I. First Things First: A budget is not a limitation; it’s your plan for how you intend to manage your money on a monthly basis. Everything runs on budgets – businesses, governments, non-profit organizations, colleges, you name it.
II. Why Budget?
o A budget helps you reduce stress by planning for the unforeseen
o A budget helps you know how you really spend your money as opposed to how you think you spend your money
o A budget helps you plan to achieve financial goals like saving for a downpayment on a house, going on vacation, or planning for retirement
o A budget helps you plan for retirement by giving you an idea of how much you would need to earn in retirement to maintain your current standard of living
o A budget will give married couples and children a realistic idea of how much it costs to run a household
o A budget helps you prioritize how you spend your money according to what is important to you
o A budget helps you communicate to others why you can’t give or lend them money, e.g., “I’m sorry, but my budget won’t allow for it.” What they hear: You’re broke. What you’re really saying: “I have a plan for how I’m spending my money, and you’re not in it.”
III. Budget Basics
o A budget is an ever-changing document. Budgets change when your priorities change (e.g., you add children to the family). It’s okay to adjust your budget. In fact, life requires that you do.
o You will probably not follow your budget to a T, and that’s okay. Give yourself some wiggle room in your budget.
o If you don’t budget in some fun, you will be miserable. A budget that is all sacrifice will be hard to keep.
o There are many ways to budget and many budgeting tools. Find the ones that are right for you.
IV. Budget Methods
o The 50/30/20 method: Determine what your next take-home pay is. Budget 50% of that for needs, 30% of that for wants, and 20% for savings.
o The “Pay Yourself First” method: Put away 20% of any paycheck in savings; use the rest for operating expenses but don’t touch the savings except for emergencies.
o The “Forecasting” method: Examine your bank statements for the last year. Set up categories of expenditures (e.g., mortgage, car payments, car maintenance, etc.). Assign each expenditure to a category. Total up the amount of expenditures for each category for the year, divide by twelve. The amounts you get are your month budgets for each category.
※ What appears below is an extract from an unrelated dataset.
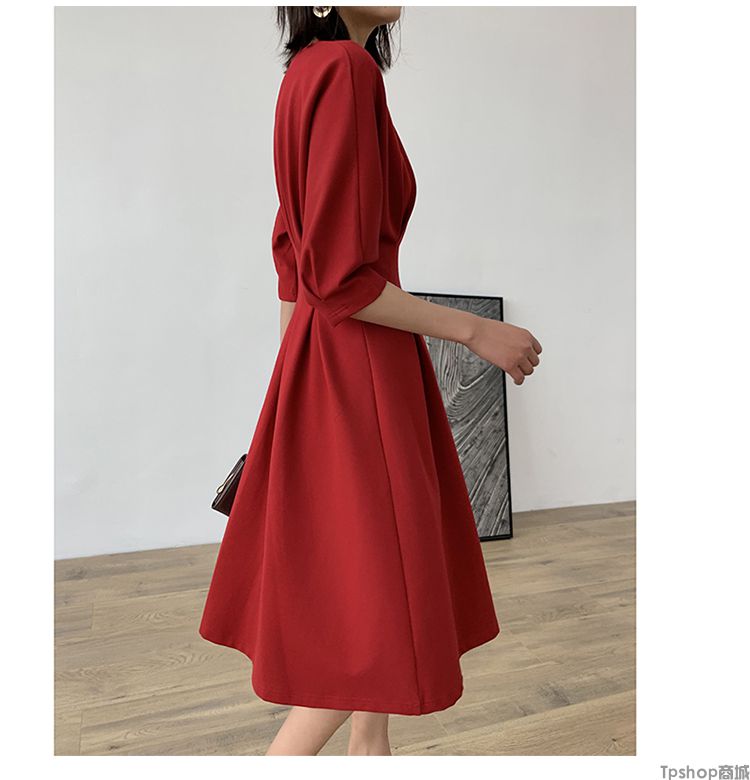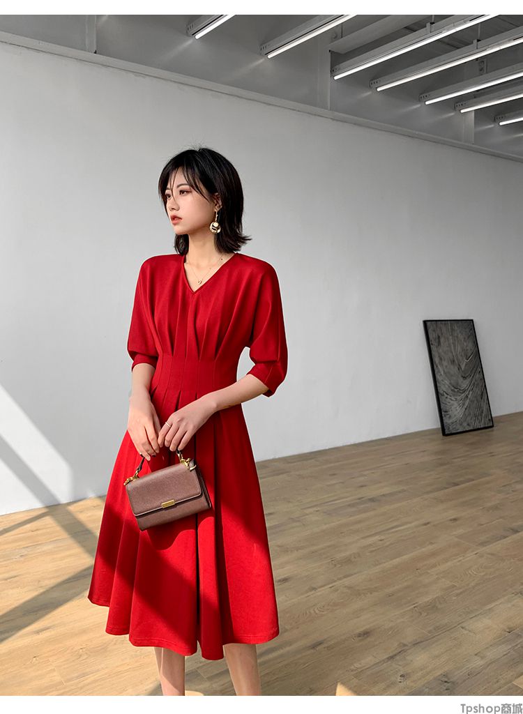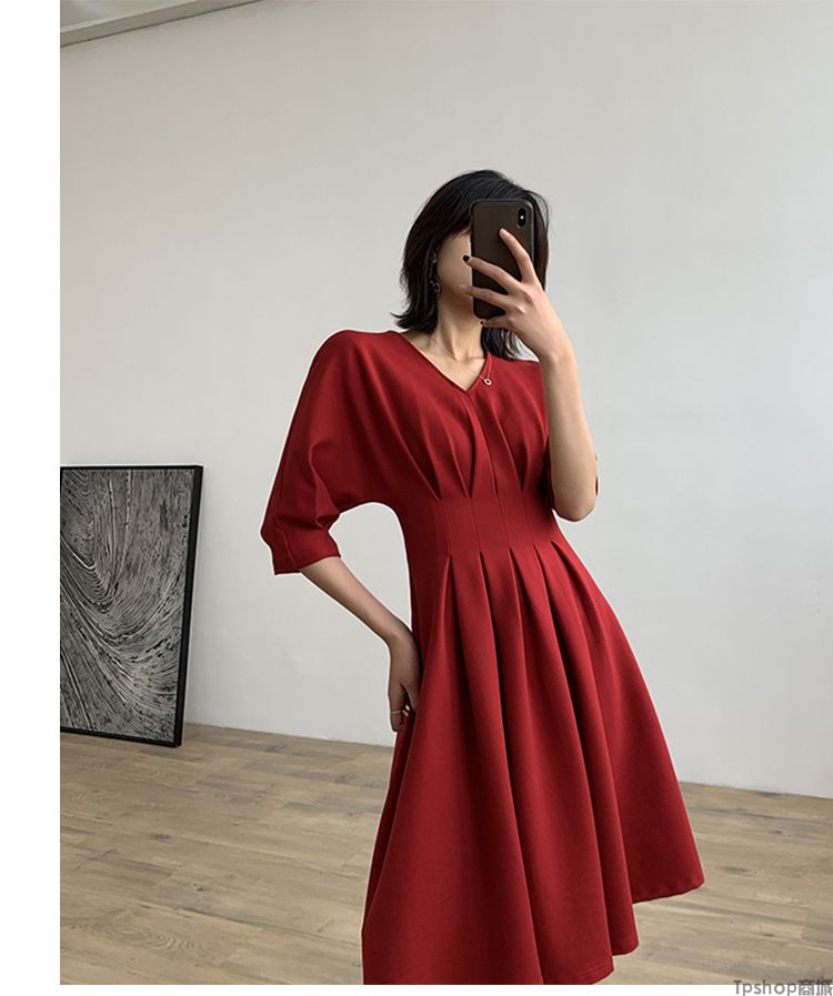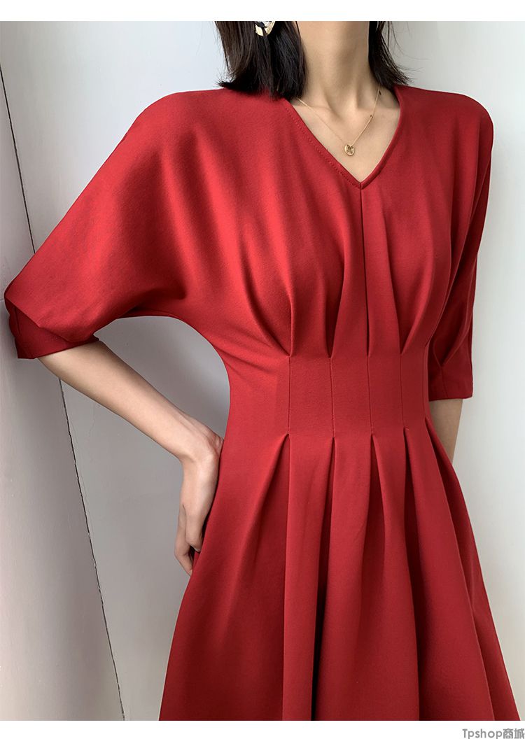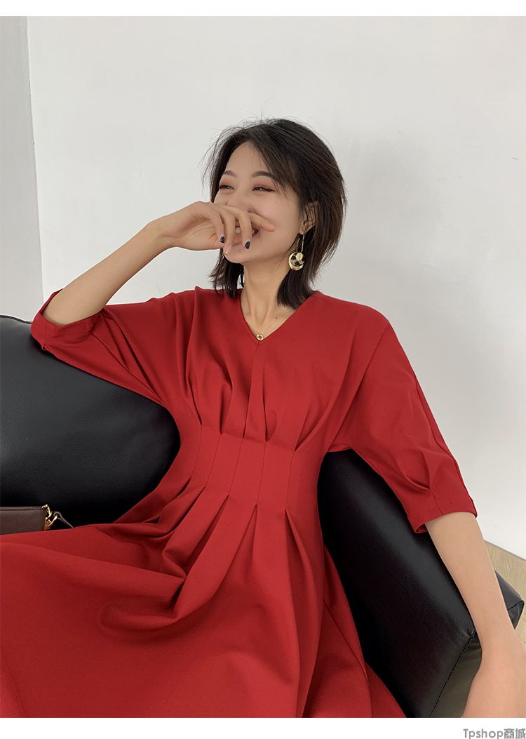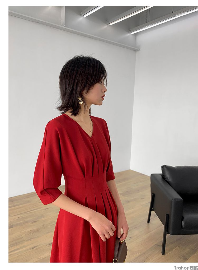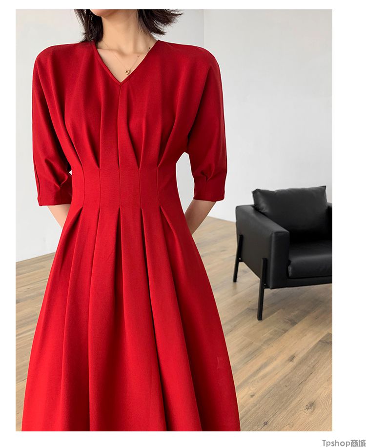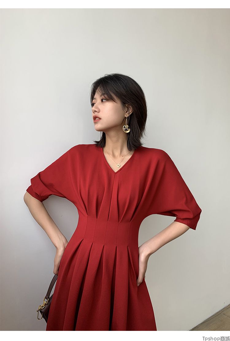 商品名称:TPshop 红色V领中长款收腰A字裙2019春夏款时尚气质过膝五分袖百褶连衣裙

o The “Envelopes” method (YNAB): Assign a certain amount of your take-how pay to particular spending categories, or envelopes, such as savings, groceries, car payments, rent, etc. If you overspend in one category/envelope, you can borrow the money from another category/envelope but you have to replace it.
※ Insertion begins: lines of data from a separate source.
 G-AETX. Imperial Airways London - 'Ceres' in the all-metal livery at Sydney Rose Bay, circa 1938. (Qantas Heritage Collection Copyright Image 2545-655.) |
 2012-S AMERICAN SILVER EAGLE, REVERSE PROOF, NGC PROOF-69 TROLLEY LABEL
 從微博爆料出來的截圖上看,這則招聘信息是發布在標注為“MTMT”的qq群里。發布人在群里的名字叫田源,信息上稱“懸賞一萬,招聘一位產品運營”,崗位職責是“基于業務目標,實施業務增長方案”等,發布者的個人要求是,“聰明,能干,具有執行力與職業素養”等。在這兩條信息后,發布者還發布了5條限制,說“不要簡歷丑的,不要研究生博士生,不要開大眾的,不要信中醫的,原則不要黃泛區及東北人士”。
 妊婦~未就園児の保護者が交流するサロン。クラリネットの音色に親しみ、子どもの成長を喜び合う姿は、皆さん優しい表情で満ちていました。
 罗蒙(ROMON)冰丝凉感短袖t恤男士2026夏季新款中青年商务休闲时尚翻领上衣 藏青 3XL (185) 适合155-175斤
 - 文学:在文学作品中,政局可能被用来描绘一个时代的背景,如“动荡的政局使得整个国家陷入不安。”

o The “Track Your Spending” method: Keep track of your spending for a month and base your budget on your actual current spending.
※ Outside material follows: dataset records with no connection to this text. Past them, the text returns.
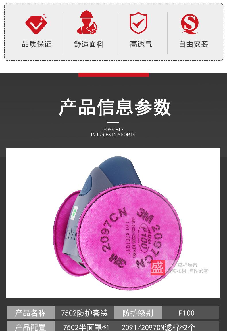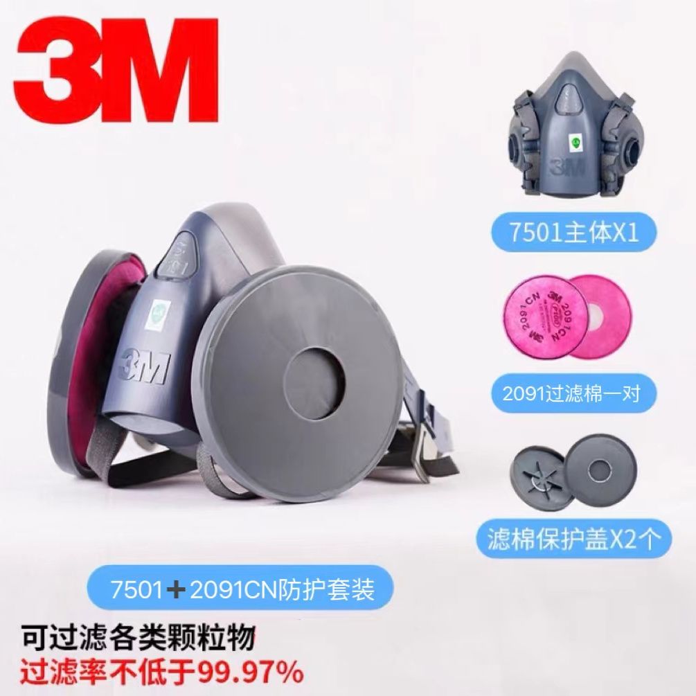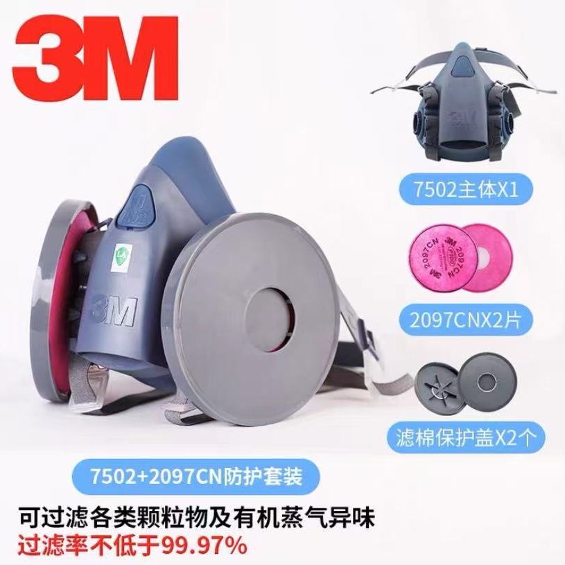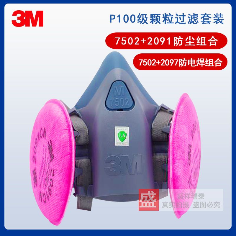 3M7502配2097CN/2091CN防粉尘电焊烟装修打磨颗粒物防护面具口罩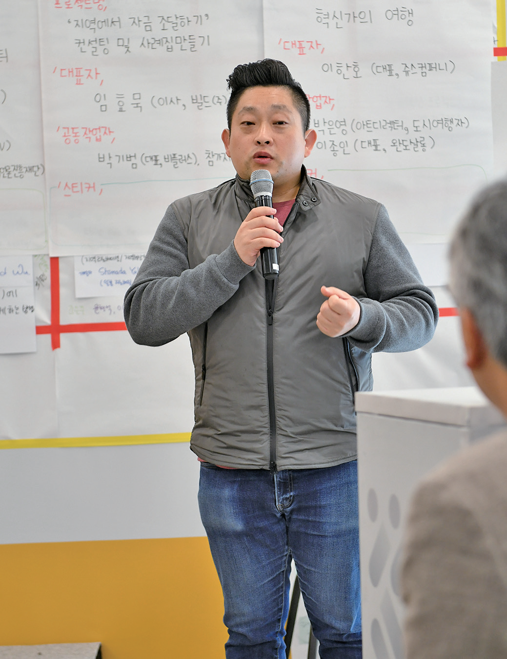 프로젝트 ‘혁신가의 여행’은 ‘혁신가들과 함께 지역 혁신의 현장을 여행한다’를 콘셉트로 한 로드트립 프로젝트이다. 발표를 맡은 박은영 아트디렉터는 “지난 10월 순천에서 열린 ‘문화가 있는 날’에서 이한호 대표와 만났었는데, 당시 지역에서 공간을 운영하는 친구들끼리 여행을 콘텐츠로 프로젝트를 만들어 보자고 이야기했었다. 그리고 한 달 뒤 제주에서 다시 만나면서 이 프로젝트를 구체화하기 시작했다”며 “혁신가의 여행은 혁신가들과 함께 지역 혁신의 현장을 여행한다를 콘셉트로 참가자를 모으고, ‘당신의 여행이 지역 혁신의 한걸음이 된다’는 것을 홍보할 것”이라고 설명했다.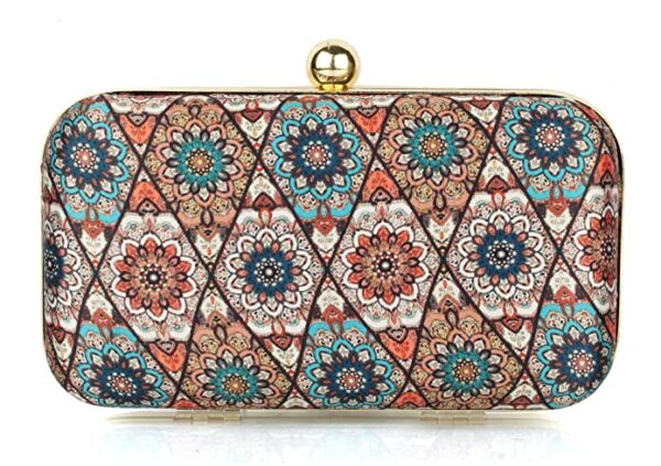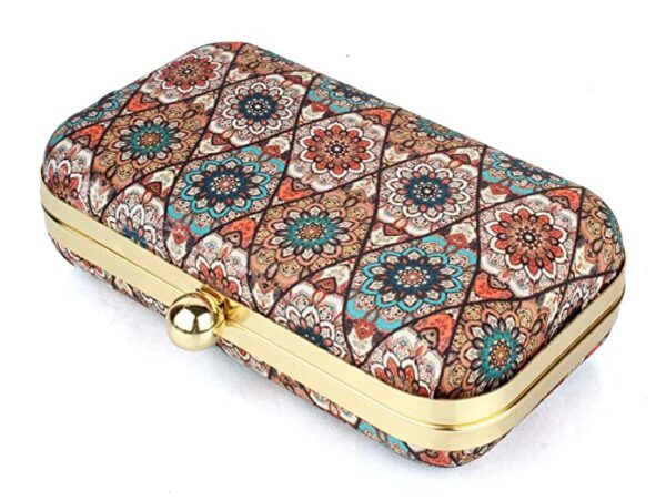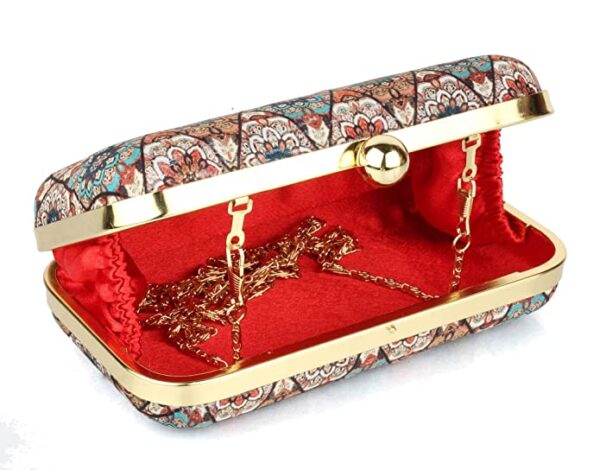 Bag has a self locking spring lock and a detachable gold polish shoulder chain.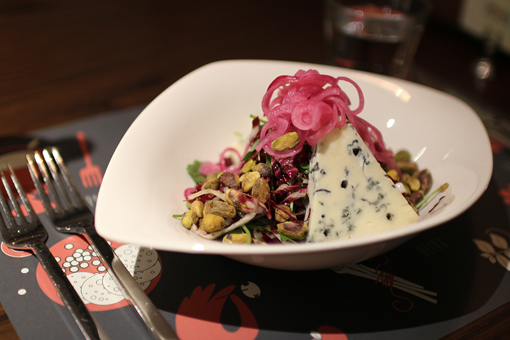 Valitsin alkupalaksi Radicchio con gorgonzolan, jossa oli punasikuria, gorgonzolaa ja pistaasia. Voi jösses oli hyvää!! Annos oli reilunkokoinen ja erittäin maukas.

o The “Make It Automatic” method: This is a twist on the “Pay Yourself First” method. David Bach says in his book, “Start Late, Finish Rich,’ that people are lousy at budgeting and that’s why the government gets its money first by taking it from you before you get the rest of your paycheck. Bach says you need to do the same thing when it comes to budgeting for retirement – have 1/8 of your gross income deducted automatically from your paycheck and put in a 401(k). This method can also work for your personal savings – have your savings deducted automatically from your paycheck before you pay anyone else.
o Online resources, software, and apps
o The Dave Ramsey website has lots of tools for budgeting, http://www.daveramsey.com/category/tools/
o David Bach’s website, Finish Rich, helps you inventory where your money actually goes, http://finishrich.com/free_resources/fr_worksheets.php
o You Need A Budget (YNAB) budgeting software http://www.youneedabudget.com/
o Mint.com – free online money management, https://www.mint.com/
o Quicken – money management software
o Microsoft Excel – because sometimes all you really need is a good spreadsheet
o Mvelopes – envelope budgeting money management software, http://www.mvelopes.com/
o EEBA, free iPhone envelope budgeting app
o Suggested reading
o Glinda Bridgforth, “The Basic Money Management Workbook”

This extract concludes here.